Targeting Swine Leukocyte Antigen Class I Molecules for Proteasomal Degradation by the nsp1α Replicase Protein of the Chinese Highly Pathogenic Porcine Reproductive and Respiratory Syndrome Virus Strain JXwn06.

Abstract

Porcine reproductive and respiratory syndrome virus (PRRSV) is a critical pathogen of swine, and infections by this virus often result in delayed, low-level induction of cytotoxic T lymphocyte (CTL) responses in pigs. Here, we report that a Chinese highly pathogenic PRRSV strain possessed the ability to downregulate swine leukocyte antigen class I (SLA-I) molecules on the cell surface of porcine alveolar macrophages and target them for degradation in a manner that was dependent on the ubiquitin-proteasome system. Moreover, we found that the nsp1α replicase protein contributed to this property of PRRSV. Further mutagenesis analyses revealed that this function of nsp1α required the intact molecule, including the zinc finger domain, but not the cysteine protease activity.
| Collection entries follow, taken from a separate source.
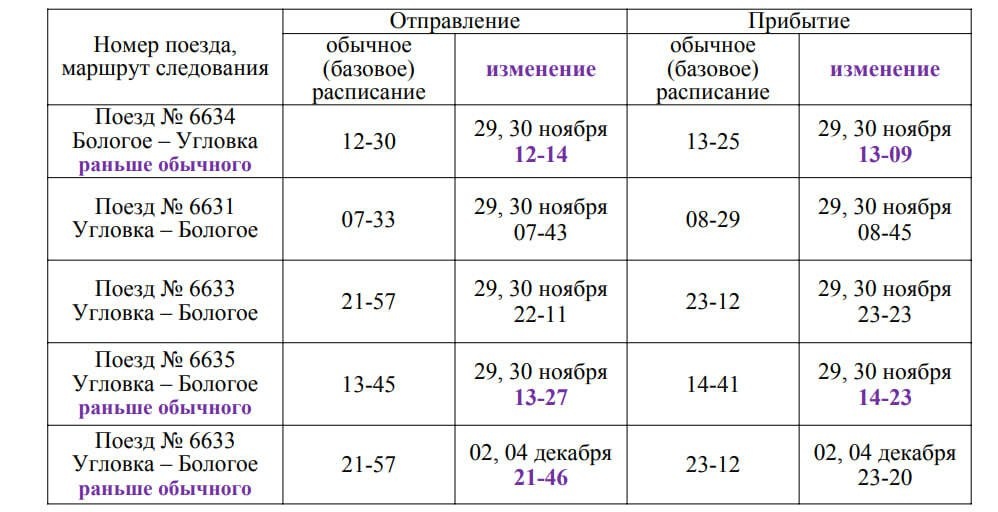 Уважаемые жители Боровичского муниципального округа! 🚂 В связи с предоставлением «окон» расписания движения пригородных поездов, курсирующих между станциями Бологое-Московское и Угловкой по измененному расписанию проследуют следующие пригородные поезда.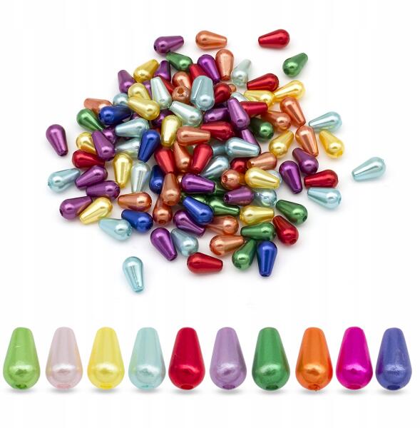 Mixform Gyöngyök Műanyag Abs gyöngyök, fényes, csepp, mix, 10x6mm, 25g~155db (13WB13453)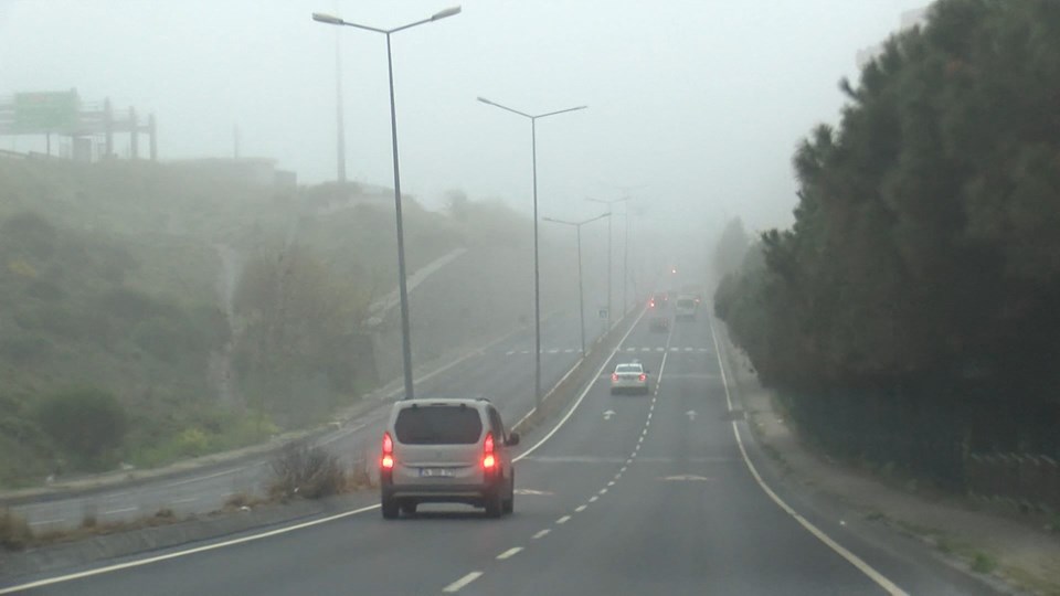 Sürücüler azalan görüş uzaklığı nedeniyle trafikte denetimli ilerliyor.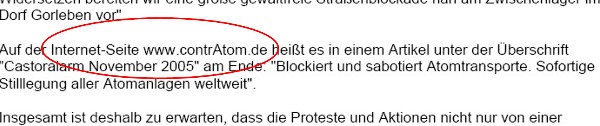 - Aktuelle Informationen zum Castortransport 2011 befinden sich in der Rubrik Castor2011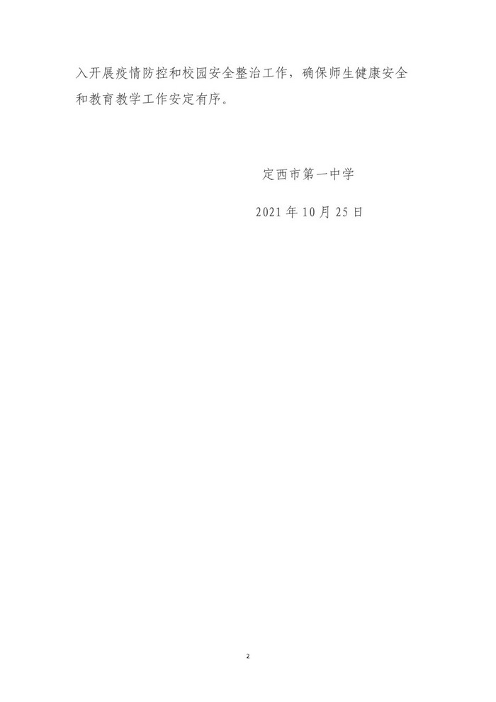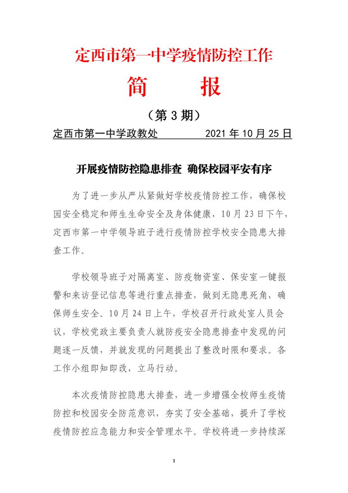 定西市第一中學(xué)疫情防控工作簡報(第3期) 時間:2021-10-25 分類:疫情防控與健康教育 ( 來源:政教處 ) 分享: 上一個: 定西市第一中學(xué)疫情防控工作簡報(第2期) 下一個: 定西市第一中學(xué)疫情防控工作簡報(第4期) 相關(guān)文章 保護視力 ?遠離近視 甲流工作提示 三月健康提示 積極主動作為,全力筑牢校園疫情防控防線 定西一中“兩節(jié)”期間疫情防控工作致全體師生及家長的一封信 市教育局黨組書記、局長盛淑蘭來我校檢查指導(dǎo)疫情防控工作 定西市第一中學(xué)疫情防控工作簡報(第6期) 定西市第一中學(xué)疫情防控工作簡報(第5期)

More importantly, we found that nsp1α was able to interact with both chains of SLA-I, a requirement that is commonly needed for many viral proteins to target their cellular substrates for proteasomal degradation. Together, our findings provide critical insights into the mechanisms of how PRRSV might evade cellular immunity and also add a new role for nsp1α in PRRSV infection. PRRSV infections often result in delayed, low-level induction of CTL responses in pigs. Deregulation of this immunity is thought to prevent the virus from clearance in an efficient and timely manner, contributing to persistent infections in swineherds. Our studies in this report provide critical insight into the mechanism of how PRRSV might evade CTL responses. In addition, our findings add a new role for nsp1α, a critical viral factor involved in antagonizing host innate immunity.